*** The input ***

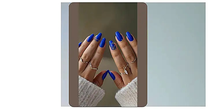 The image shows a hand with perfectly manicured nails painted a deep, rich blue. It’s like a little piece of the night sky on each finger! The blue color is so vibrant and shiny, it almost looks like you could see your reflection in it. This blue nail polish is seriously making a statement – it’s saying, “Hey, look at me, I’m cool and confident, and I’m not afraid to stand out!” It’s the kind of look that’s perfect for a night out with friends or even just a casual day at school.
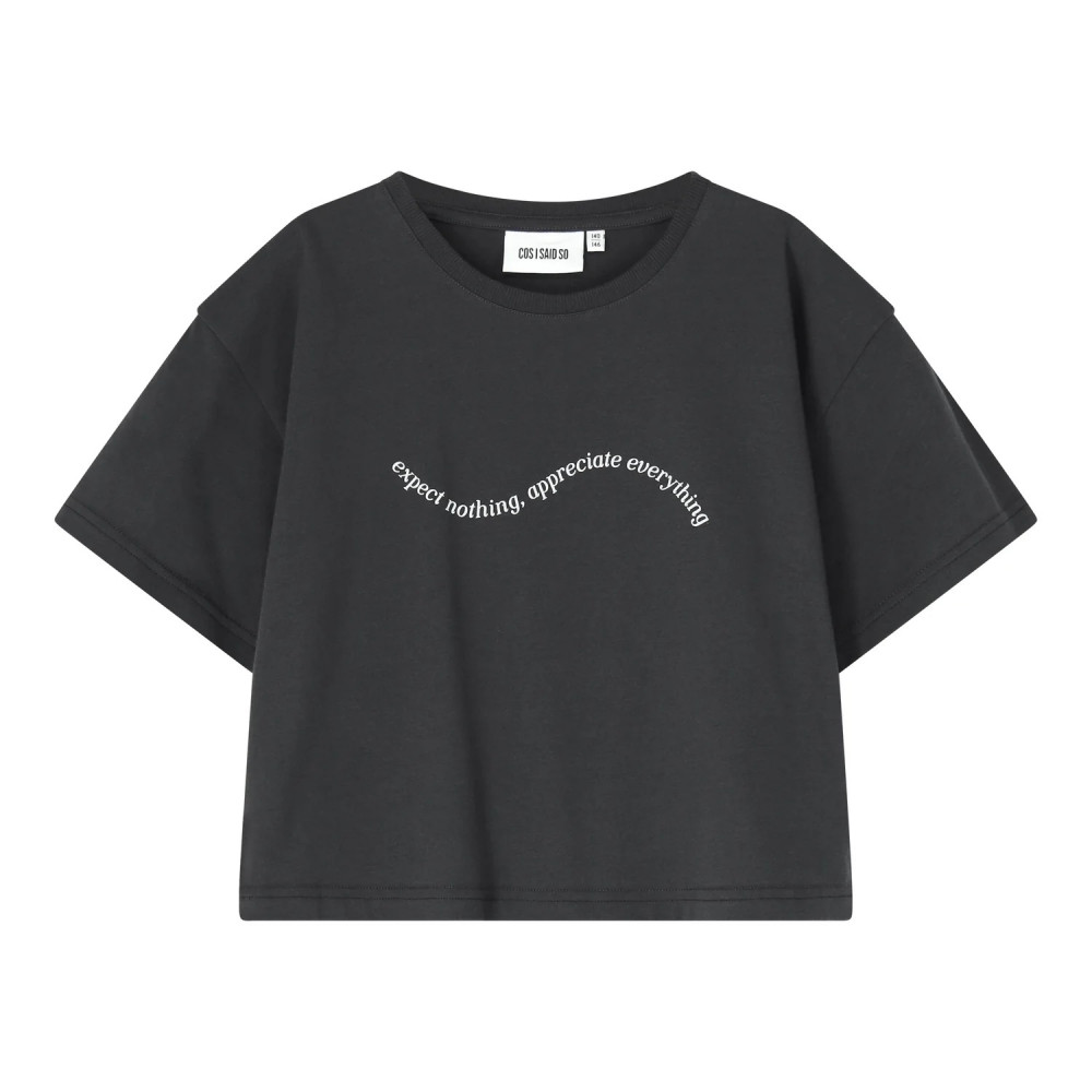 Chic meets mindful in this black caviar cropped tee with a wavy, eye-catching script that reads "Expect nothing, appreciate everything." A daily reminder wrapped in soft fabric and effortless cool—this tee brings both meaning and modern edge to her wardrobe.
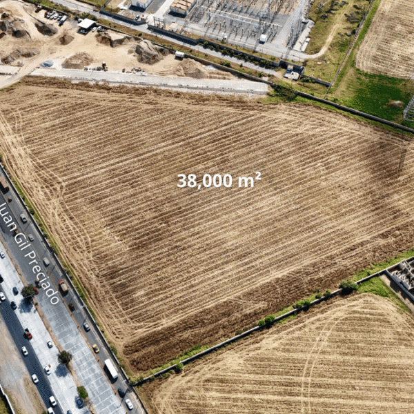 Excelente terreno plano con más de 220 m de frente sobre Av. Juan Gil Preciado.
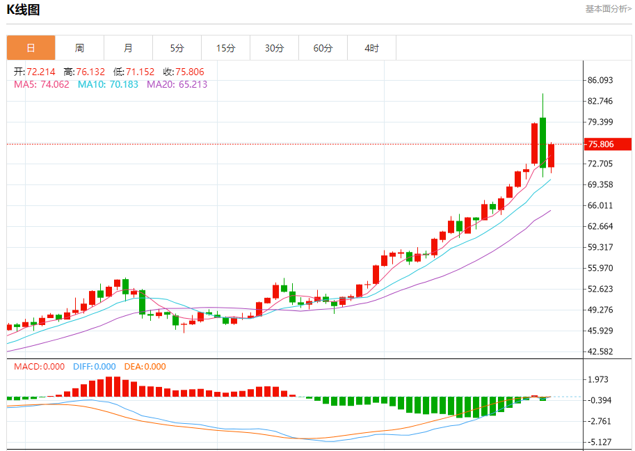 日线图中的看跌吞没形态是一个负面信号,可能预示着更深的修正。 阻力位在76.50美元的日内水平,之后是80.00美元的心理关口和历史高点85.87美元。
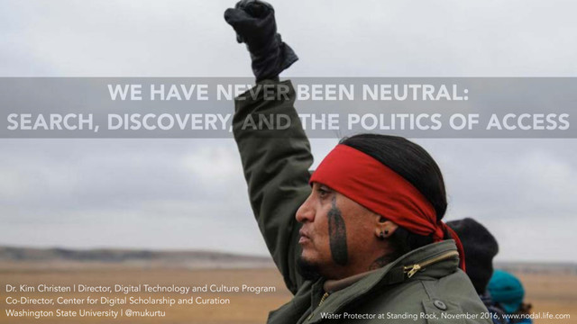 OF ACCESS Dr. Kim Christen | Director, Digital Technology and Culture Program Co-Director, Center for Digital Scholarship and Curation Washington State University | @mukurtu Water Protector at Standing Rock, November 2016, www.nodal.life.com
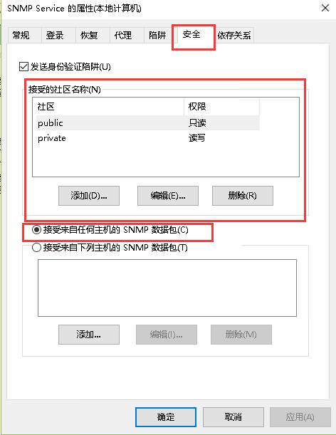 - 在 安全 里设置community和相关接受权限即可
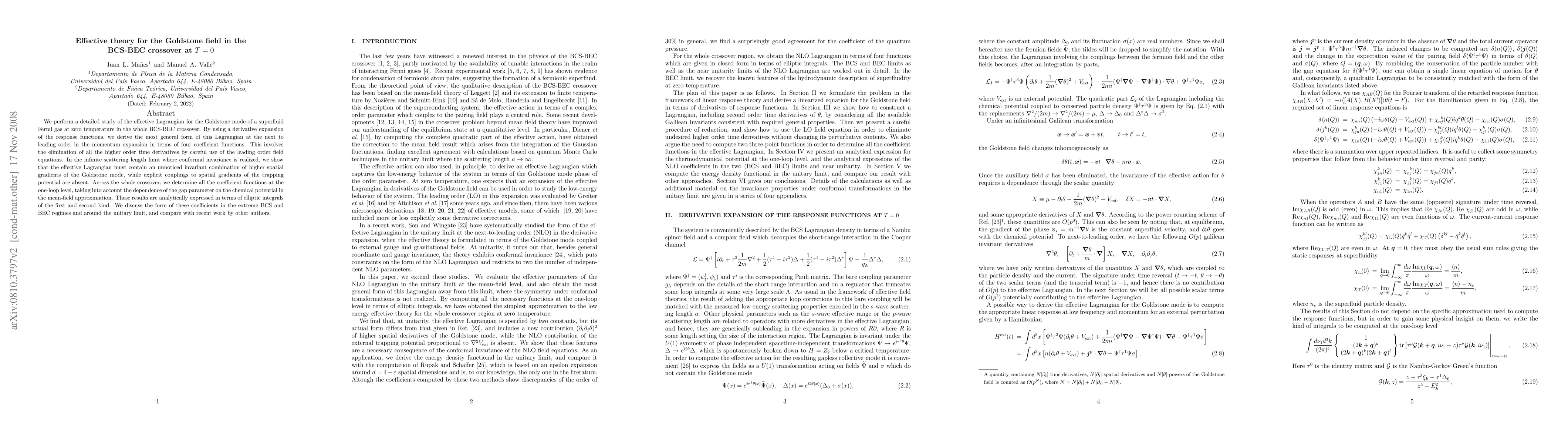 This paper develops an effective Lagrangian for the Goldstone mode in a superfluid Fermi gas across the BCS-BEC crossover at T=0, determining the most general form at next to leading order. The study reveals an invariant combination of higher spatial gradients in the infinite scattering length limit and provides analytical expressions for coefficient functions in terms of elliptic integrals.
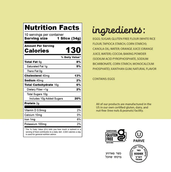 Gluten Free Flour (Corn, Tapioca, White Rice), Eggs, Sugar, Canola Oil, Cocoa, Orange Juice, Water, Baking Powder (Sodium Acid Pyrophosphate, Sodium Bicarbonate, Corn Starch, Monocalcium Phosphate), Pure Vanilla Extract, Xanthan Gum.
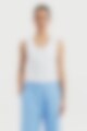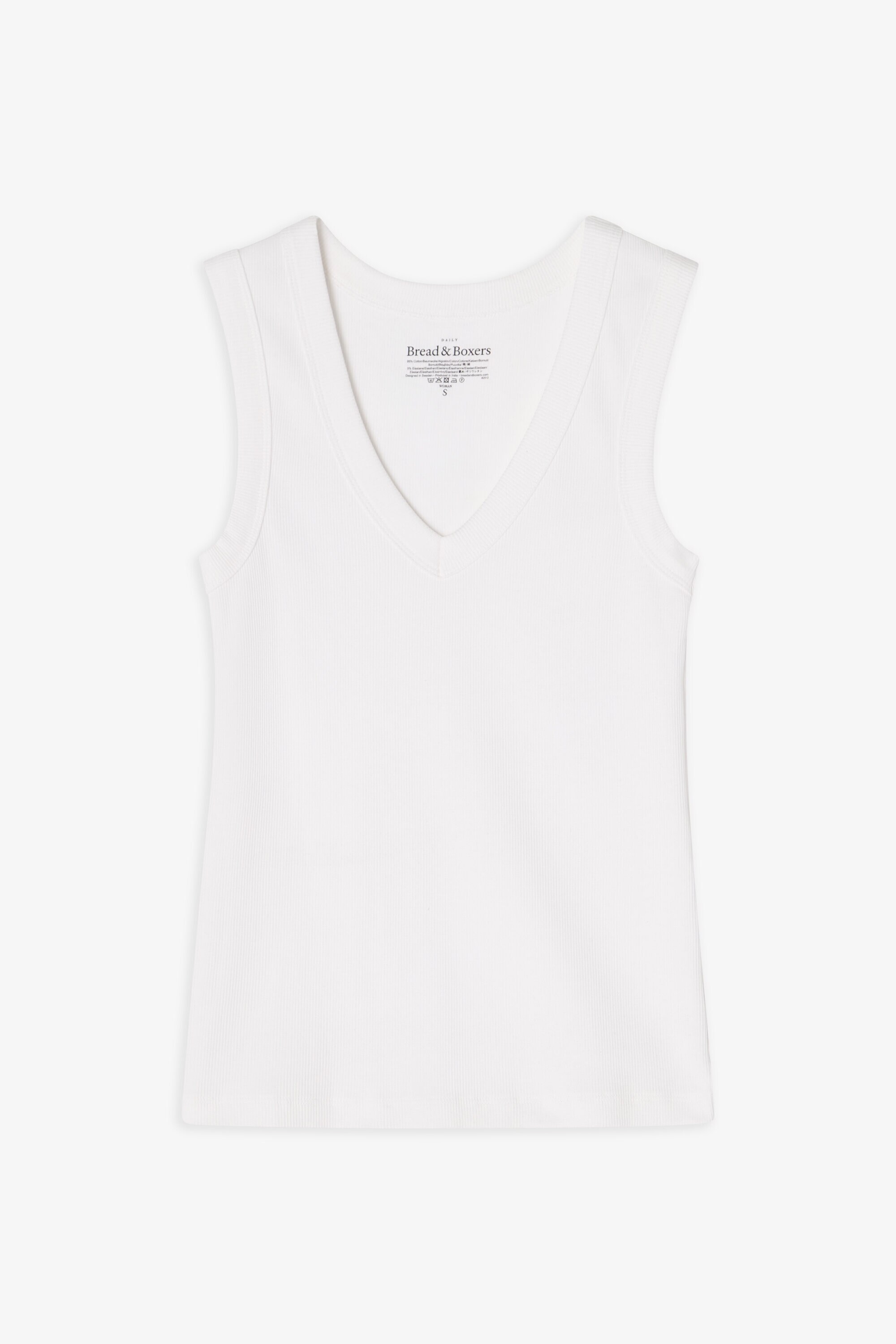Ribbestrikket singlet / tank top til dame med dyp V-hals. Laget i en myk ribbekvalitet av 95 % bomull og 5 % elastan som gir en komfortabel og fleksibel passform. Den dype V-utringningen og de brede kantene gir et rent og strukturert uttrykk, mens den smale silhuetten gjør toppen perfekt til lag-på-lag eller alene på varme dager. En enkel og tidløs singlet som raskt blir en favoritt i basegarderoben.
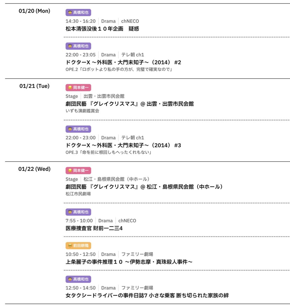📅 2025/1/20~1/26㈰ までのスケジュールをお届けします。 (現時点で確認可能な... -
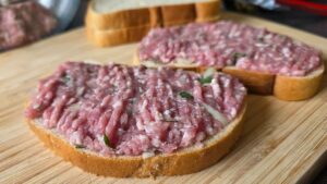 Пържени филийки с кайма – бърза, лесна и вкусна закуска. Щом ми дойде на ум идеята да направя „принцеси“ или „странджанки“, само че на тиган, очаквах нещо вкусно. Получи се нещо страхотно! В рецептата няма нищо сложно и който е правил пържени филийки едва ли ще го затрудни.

*** End of The input ***

▶ **Task goal**: With pictures left out, repeat exactly the lines from the line bearing "Ribbestrikket singlet /" through the final line of the records above.

▶ **Answer to this exercise**:
Ribbestrikket singlet / tank top til dame med dyp V-hals. Laget i en myk ribbekvalitet av 95 % bomull og 5 % elastan som gir en komfortabel og fleksibel passform. Den dype V-utringningen og de brede kantene gir et rent og strukturert uttrykk, mens den smale silhuetten gjør toppen perfekt til lag-på-lag eller alene på varme dager. En enkel og tidløs singlet som raskt blir en favoritt i basegarderoben.
📅 2025/1/20~1/26㈰ までのスケジュールをお届けします。 (現時点で確認可能な... -
 Пържени филийки с кайма – бърза, лесна и вкусна закуска. Щом ми дойде на ум идеята да направя „принцеси“ или „странджанки“, само че на тиган, очаквах нещо вкусно. Получи се нещо страхотно! В рецептата няма нищо сложно и който е правил пържени филийки едва ли ще го затрудни.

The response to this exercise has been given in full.